Echinacea is most often touted for its immune system support, not only in helping to prevent infections, but also clearing up some of the symptoms of colds, flus and other infections, and speeding up recovery time.

Echinacea also has a few other tricks up its sleeve, with surprising benefits in other areas of health.

It is a perennial plant, meaning it lives for many years. The roots are of particular medicinal benefit. It’s sometimes known as American cone flower and is related to the daisy. It has a long history of medicinal use, especially in North America, with various traditional applications, in particular as a pain relief from snake bites, headaches and toothaches.

Of the three main varieties (angustifolia, pallida and purpurea), Echinacea angustifolia has shown itself to be the most effective, with the widest range of health applications.
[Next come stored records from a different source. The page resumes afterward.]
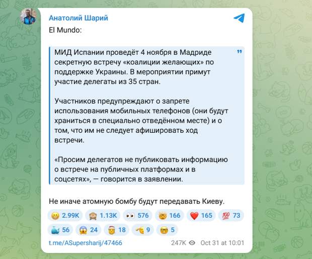 Срочные новости понеслись по европейским СМИ - и то, что должно было быть тайным, стало явным. Оказалось, что в Испании должна пройти секретная встреча союзников Украины. На сей раз европейские ястребы хотели, чтобы их собрание в Мадриде не привлекало лишнего внимания, но вышло ровно наоборот.
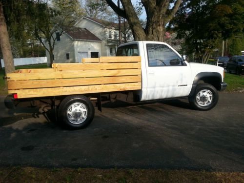 THIS IS A 1989 CHEVY 3500 4 WHEEL DRIVE PICK UP TRUCK WITH A CUSTOM HARDWOOD BED - IT HAS JUST OVER 56,000 ORIGINAL MILES ON IT - THE BED IS ON A SOLID FRAME & IS MADE FROM FURNITURE GRADE HARDWOODS WITH A MARINE CETOL FINISH & THE CAB WAS RECENTLY PAINTED - IT HAS A 454 BIG BLOCK V/8 ENGINE - - THE PLOW IS A 7'-6" FISHER W/ HYDRAULIC PUMP - THIS IS ALL TRUCK - NO RADIO OR A/C - THIS WAS A WELL MAINTAINED TRUCK -RUNS & DRIVES GREAT - EVERY THING WORKS - MECHANICLY IN EXCELLENT CONDITION - HAS NEW TIRES ,BATTERY TUNE UP ,GAS TANK MUFFLER & MORE MUST SEE FOR MORE INFO CALL BILL 914-299-5737
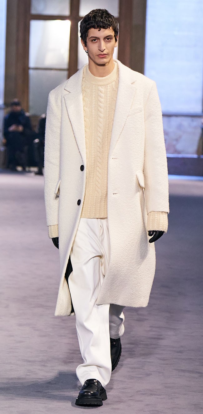 유연한 가죽소재를 활용한 가죽 코트와 시어링 에비에이터 스타일 코트가 다양하게 등장하였고, 가죽소재 자체의 고급스러움을 살린 아이템으로 세련된 오피스룩 및 캐주얼 스타일을 완성한다.
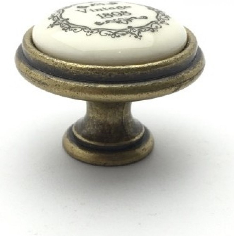 Nábytková knopka VINTAGE staromosaz/ krémový porcelán s motivem
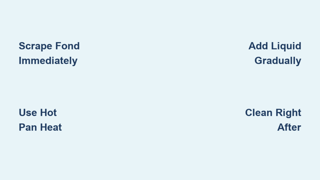 Fond that refuses to release indicates either insufficient pan heat or fond that has bonded too strongly—return the pan to medium heat and add more liquid. For stubborn fond, brief soaking in warm water helps loosen particles without risking rust.
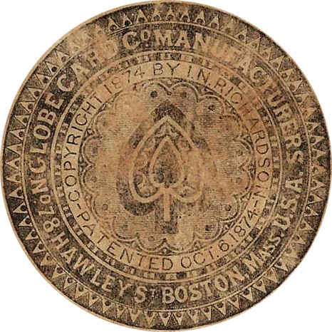 In 1874 I. N. Richardson patented a deck of round, or circular, playing cards which was produced at 68 Cornhill Street, Boston, Mass. In c. 1875 the firm was taken over by I. W. Richardson, the son of I. N. Richardson. The Son’s name replaced that of the father on the Ace of Spades. In c.1878 the firm’s name was changed to Globe Card Co. which name was used on the Ace of Spades, replacing that of the son, I. W. Richardson. In c.1880 the firm moved to larger premises at 78 Hawley Street, Boston, Mass and continued to produce the same deck, changing the address on the Ace of Spades accordingly. All the Aces of Spades carried the patent date of Oct. 6, 1874 by I. N. Richardson►
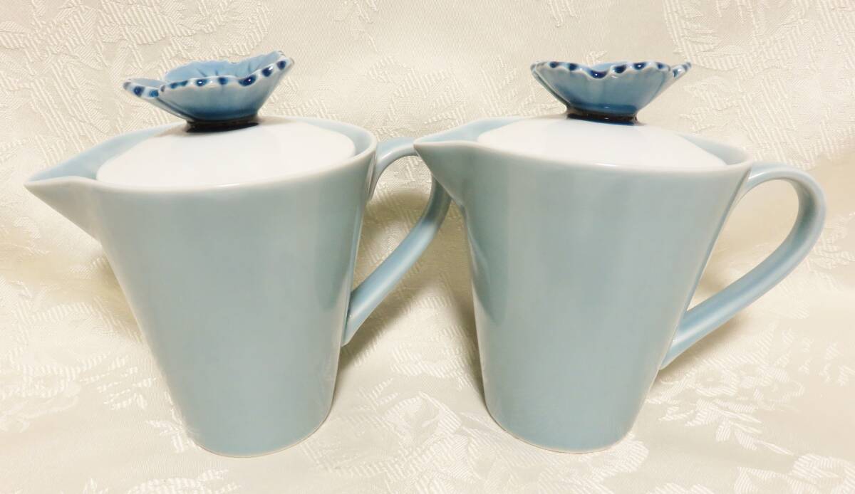 - 美品 栗原はるみ ペア ティーポット 茶こし付き ティータイム マイポット フタがフラワーモチーフ お茶 緑茶 急須 紅茶 食器 ゆとりの空間
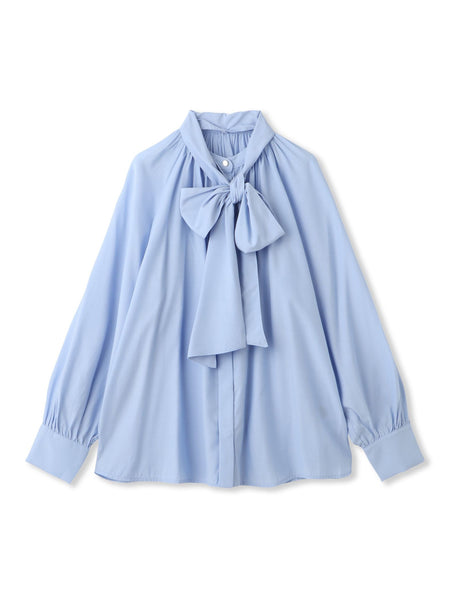 おおぶりな甘さを付与するボウタイブラウスは、ハリ感のあるテキスタイルだからこそ、1枚でも、ジャケットやベストレイヤードでも存在感を発揮します。
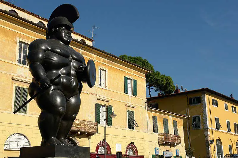 As numerosas doações do artista à cidade também atestam o vínculo de Botero com Pietrasanta. Basta citar “Il Guerriero” (foto acima) de Botero, uma estátua de bronze feita em 1992 com cerca de 4 metros de altura que domina a Piazza Matteotti.
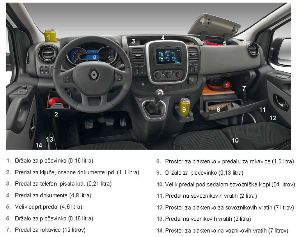Največ prostora za odlaganje in shranjevanje med modeli na trgu Novi Trafic ima skupno za več kot 90 litrov prostorov za shranjevanje in odlaganje, kar je največ na trgu. Vseh odlagalnih mest raznih oblik je 14, prostornina vsakega znaša od 0,2 do 54 litrov, prav vsa pa so zasnovana posebej za predmete, ki so del vsakdana poklicnih uporabnikov, na primer plastenke z vodo, pločevinke, kozarci, prenosni telefoni, tablični računalniki, bloki in pisala, delovne čelade, škornji itn. Vsa mesta so skrbno umeščena v bivalni prostor, njihov položaj pa je kar se da ergonomsko domišljen.
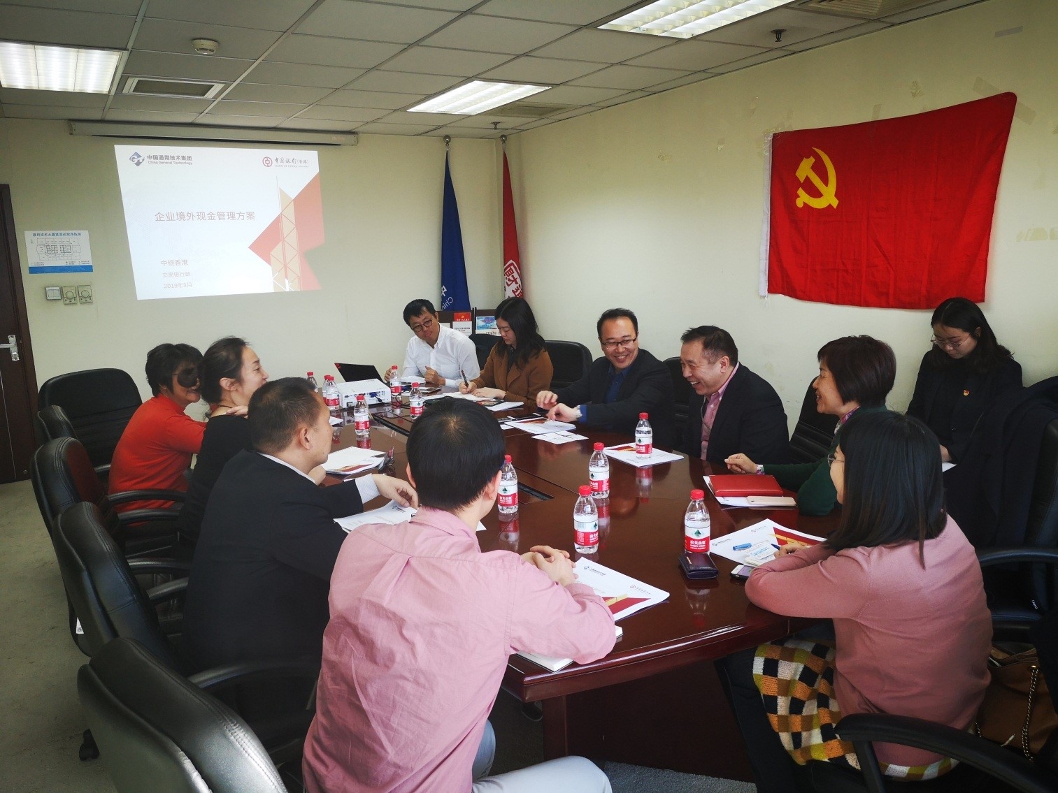 2019年3月5日下午,财务公司与中国银行及中银香港的专业人士就境外资金管理模式进行了专题座谈,对中国银行系统的全球资金管理系统的架构及功能特点进行了全面了解。财务公司党委书记、董事长卿虹及相关部门负责人参加了座谈。

All three varieties of Echinacea contain phenols – antioxidant compounds produced by the plant to protect it from environmental damage and infection. Phenols have a direct effect on the integrity of human cells as well, providing a similar protective effect for us. Echinacea angustifolia contains alkylamides, bioactive compounds thought to have a stimulating effect on the immune system.

 

New research reveals Echinacea may be able to treat a range of health problems

A 2016 study comparing two types of Echinacea and different parts of the plant (roots, rhizomes, leaves and flowers) shows Echinacea angustifolia (the kind in Oli Resist) plus purpurea to be more effective than other extracts containing only Echinacea purpurea. It demonstrated a blood sugar lowering effect, as well as antiproliferative effects (preventing the growth of malignant cells), and revealed a higher level of antioxidant phenols, alkylamides and flavonoids.

Echinacea has been the subject of numerous clinical studies, supporting its reputation for safety and efficacy in strengthening the immune system, and supporting the body’s defence against respiratory tract problems.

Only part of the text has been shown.